Interest Point Detection - Applications

Applications

In terms of applications, the use of corner detection and blob detection are also overlapping. Today, a main application of interest points is to signal points/regions in the image domain that are likely candidates to be useful for image matching and view-based object recognition. For this purpose, several types of corner detectors and blob detectors have been demonstrated to be highly useful in practical applications (see respective articles for references). Blob detectors and corner detectors have also been used as primitives for texture recognition, texture analysis and for constructing object models from multiple views of textured objects.

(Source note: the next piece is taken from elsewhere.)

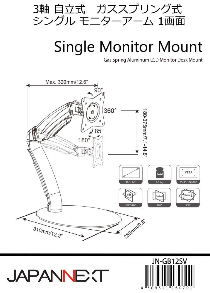 JN-GB12SV 液晶ディスプレイアーム [15-32インチ対応/モニターアームガス式/3軸]
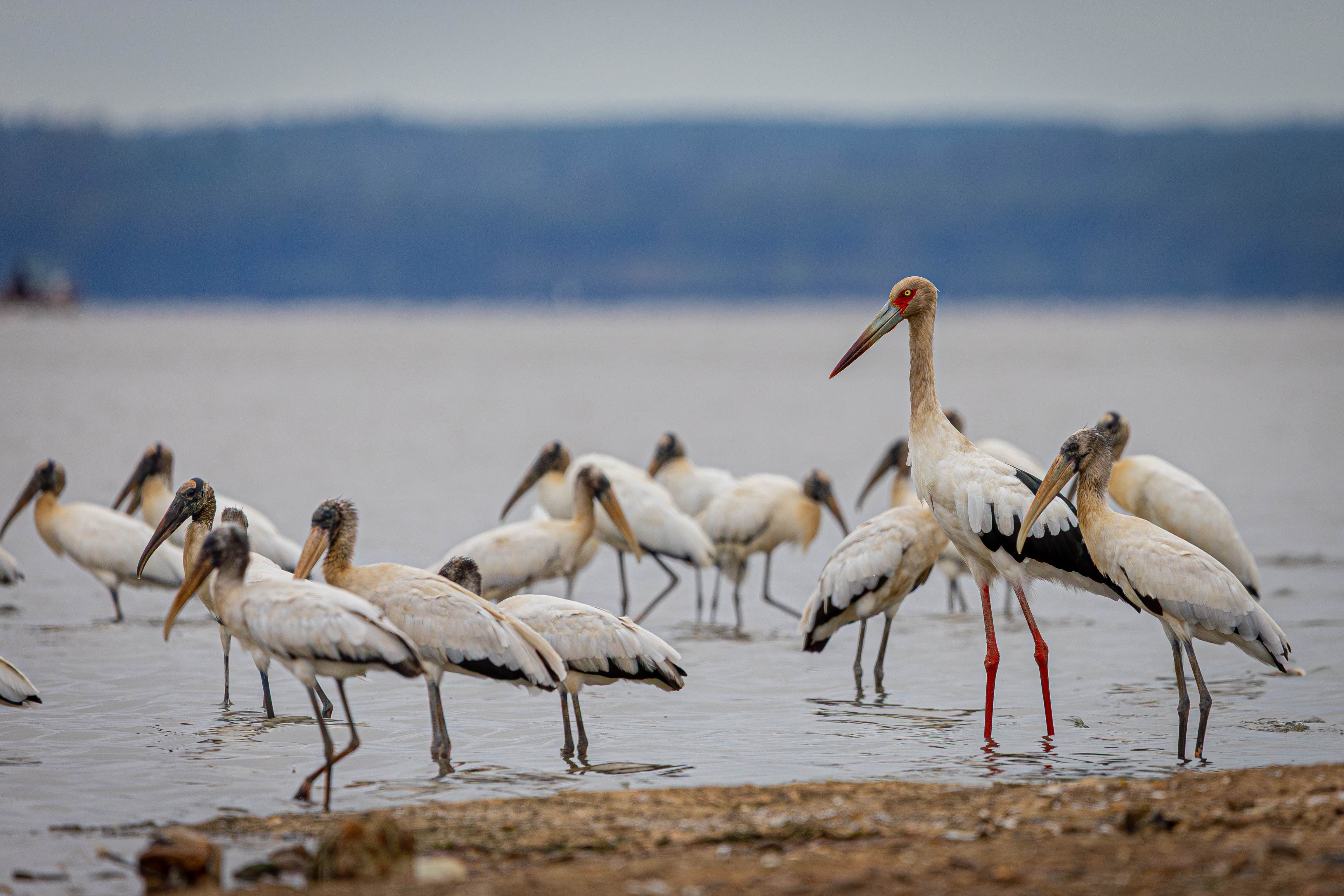 Es un ave de gran tamaño; alcanza los 130 cm de largo, desde el pico hasta la punta de la cola, y 85 cm de altura de pie, con poco dimorfismo sexual. Es de color blanco, con la cabeza, el cuello y el pecho con reflejos grises. Las plumas primarias y secundarias del ala, así como las supracaudales, son de color negro y tornasoladas. La cola es también negra. Parte de la cara es desnuda, de color rojo. El pico es largo, cónico y robusto, de color verde azulado en la parte posterior y rojo violáceo en la parte anterior. Las patas son rojas. En la temporada de celo, los colores de las partes desnudas se avivan.

If one aims at drawing a distinction between corner detectors and blob detectors, this can often be done in terms of their localization properties at corner structures. For a junction structure in the image domain that corresponds to an intersection of physical edges in the three-dimensional world, the localization properties of a corner detector will in most cases be much better than the localization properties that would be obtained from a blob detector. Hence, for the purpose of computing structure and motion from multiple views, corner detectors will in many cases have advantages compared to blob detectors in terms of smaller localization error. Notwithstanding this, blob descriptors have also been demonstrated to be useful when relating object models to temporal imagery.

In terms of concepts, there is also a close relationship between the notion of interest points and ridge detectors, which are often used to signal the presence of elongated objects. Moreover, with regard to features that extend along one-dimensional curves in image space, there is the related notion of edge detectors which satisfy similar requirements in terms of operational definitions, well-defined extent, locally high information contents and repeatability.